Much previous research about stigmatization of BDSM practitioners in the healthcare system and prejudice toward BDSM practitioners from college students and other populations is years or decades old, yet the current research suggests stigmatization still exists today.
Another area for future research is to examine exactly why this stigma still exists today. We have speculated earlier in this paper, along with other researchers, that it may be at least partially due to misrepresentation of the BDSM culture in popular media, as with the inaccuracies in Fifty Shades of Grey around the role of consent. Though we did not test this as an explanatory mechanism in our study, future research could do so to test whether this is the case.
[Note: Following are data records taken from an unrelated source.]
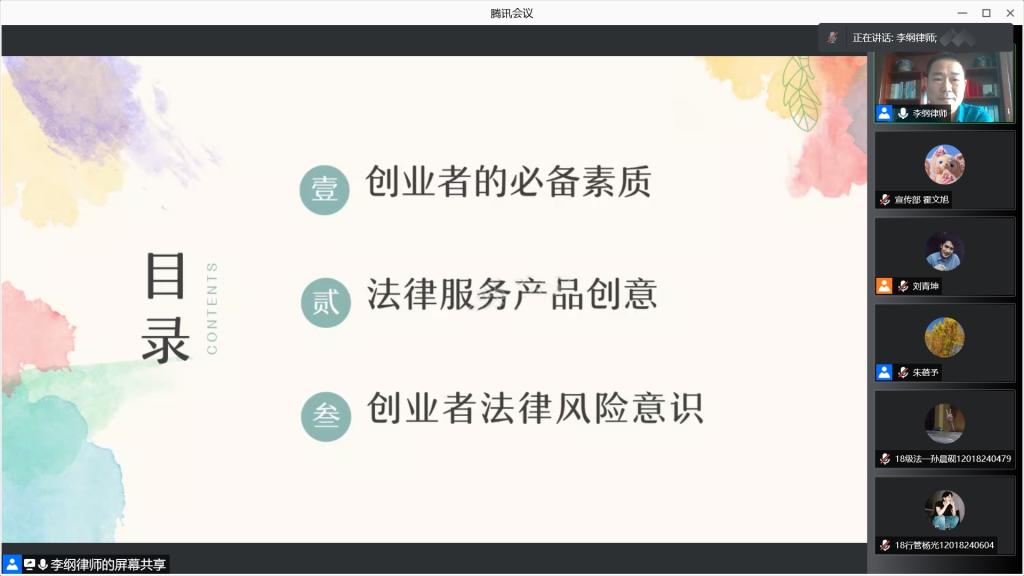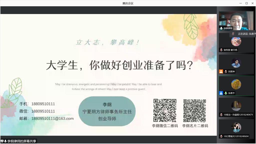 为深化高校素质教育,培养同学们的创新思维,帮助同学们挖掘创业潜能、掌握创业知识、实现创业梦想,11月20日下午,william威廉英国组织开展“大学生,你做好创业准备了吗?”主题线上讲座。本次讲座特邀宁夏朔方律师事务所主任、宁夏律师协会副秘书长李纲律师主讲,法律系主任朱蓓予及2018级全体本科生参加。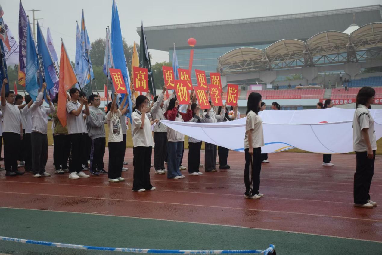 赛场内外,处处可见学院师生的风采。"物理学院,高光无限;力热光电,威震四方"唱响四方,青春舞方阵精神饱满,跳出青春色彩;赛事期间,运动员全力以赴挑战自我,生动诠释了“更快、更高、更强——更团结”的奥林匹克格言;赛场之外,工作人员有序组织,保障后勤。观众热情助威,点燃场上氛围。 全院师生共同展现出强大的凝聚力和团结奋进的精神风貌。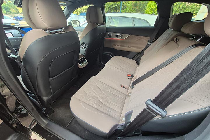 מאחור מפתח רחב של הדלתות מגלה מושבים נוחים ורחבים, לא מעט מקום לרגלי הנוסעים, גם לזה המרכזי לאור העובדה שהרצפה כמעט שטוחה, המושבים עצמם יושבים על מסילות לטובת מרווח לרגלי היושבים שמאחוריהם, וניתן גם לקבוע את זווית משענת הגב; גם הרוחב לשלושה טוב, ואין מגבלת מקום לראש – גם לנוסעים גבוהים.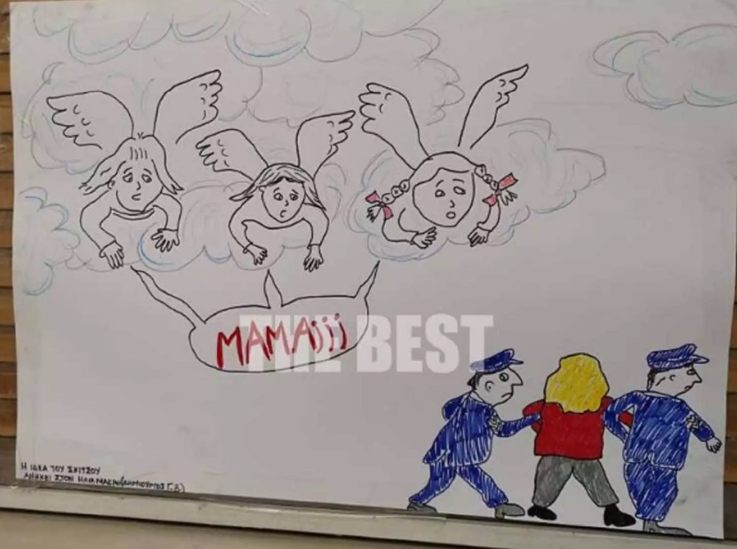 Μαλένα, Ίριδα και Τζωρτζίνα με τη μορφή τριών αγγέλων κοιτούν τη μαμά τους, που προσάγεται από αστυνομικούς. Το ανατριχιαστικό σκίτσο που κολλήθηκε πάνω στο παιδικό παράθυρο, έξω από το σπίτι της οικογένειας Δασκαλάκη στην Πάτρα σοκάρει και προκαλεί ερωτηματικά!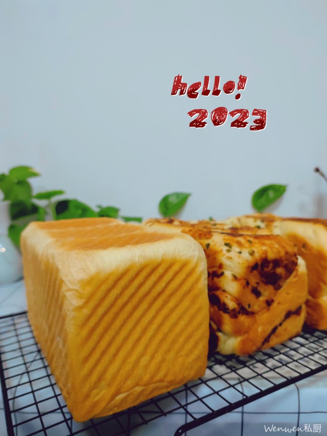 2023第一炉吐司,一炉三个,两个肉松香葱,一个牛奶原味!

Limitations to the generalizability of our findings primarily center around sample composition and size. Our sample in this study was recruited from Amazon’s Mechanical Turk, which is of course not a true random sample. Previous research has suggested that samples gathered from MTurk are more demographically more diverse than the college student samples often used in psychological research, but still tend to be somewhat younger, better educated, and more White than the U.S. population as a whole (see Sheehan, 2018). Sample composition may have affected our findings; for example, perhaps we would have found even stronger stigmatization effects if our sample skewed older or less educated. Further, many researchers have recently called into question the reliability of findings obtained from Amazon’s Mechanical Turk, as well as their generalizability (e.g., Chmielewski & Kucker, 2020).
[T]he current research did not measure gay/lesbian people’s perceptions of the BDSM community, nor did it measure BDSM community members’ perceptions of gay/lesbian people.